(Supplied information)

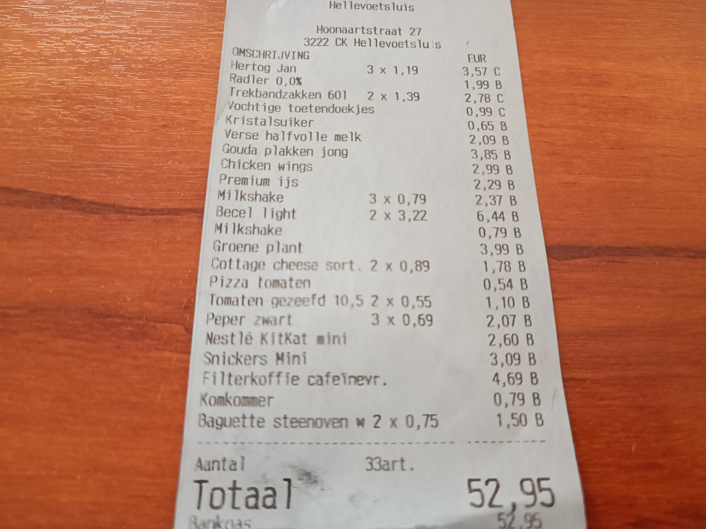 I oto nasz paragon grozy: 52,95€. Jestem bardzo ciekawa kwoty tych samych produktów, lub podobnych, w Polsce. Tu się oczywiście na złotówki nie przelicza.No i zarobki też są inne. Ale eksperyment chętnie zrobię, będąc w Polsce.
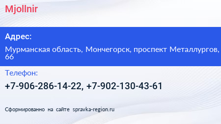 Mjollnir по адресу Мурманская область, Мончегорск, проспект Металлургов, 66 в дальнейшем Организация, размещена в следующих категориях:
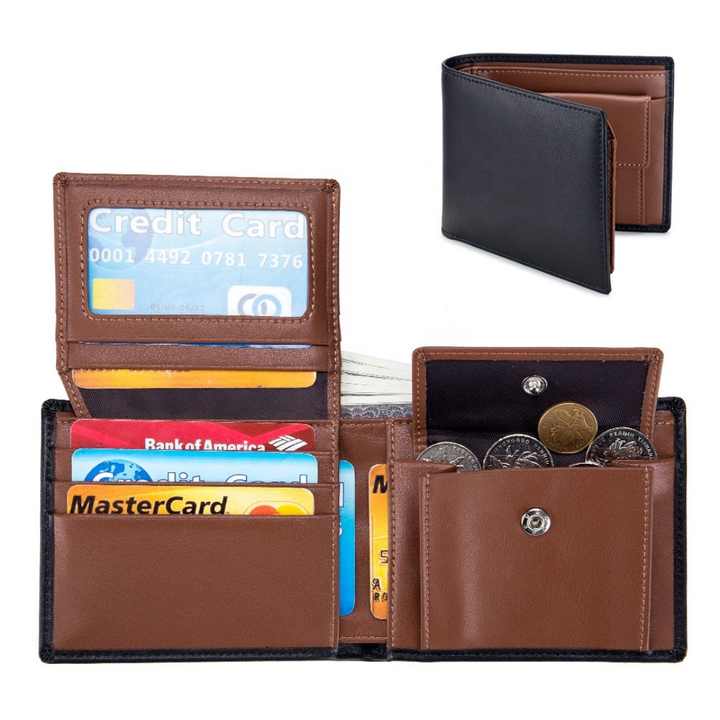 Custom Men's Leather Wallets Coin Pocket Purse Genuine Leather Card Holder Wallet RFID Mens Leather Wallet
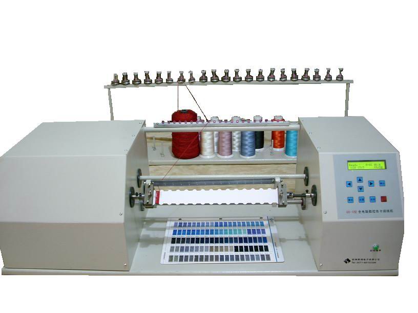 本机主要用于制作纱线色卡等多种卡片型绕制。能在30-320MM长度与10-80MM宽度平板才料上绕制1-25个色彩,可定做更多种。可设定要求绕制卡的宽度,层数,设定参数能全部永久保存。保存单片机中,电源关闭不会丢失。

(End Supplied information)

Hand back exactly the lines from the one with "Custom Men's Leather" through the last line of the data above, both ends included, with every picture left out.

Written solution -
 Custom Men's Leather Wallets Coin Pocket Purse Genuine Leather Card Holder Wallet RFID Mens Leather Wallet
 本机主要用于制作纱线色卡等多种卡片型绕制。能在30-320MM长度与10-80MM宽度平板才料上绕制1-25个色彩,可定做更多种。可设定要求绕制卡的宽度,层数,设定参数能全部永久保存。保存单片机中,电源关闭不会丢失。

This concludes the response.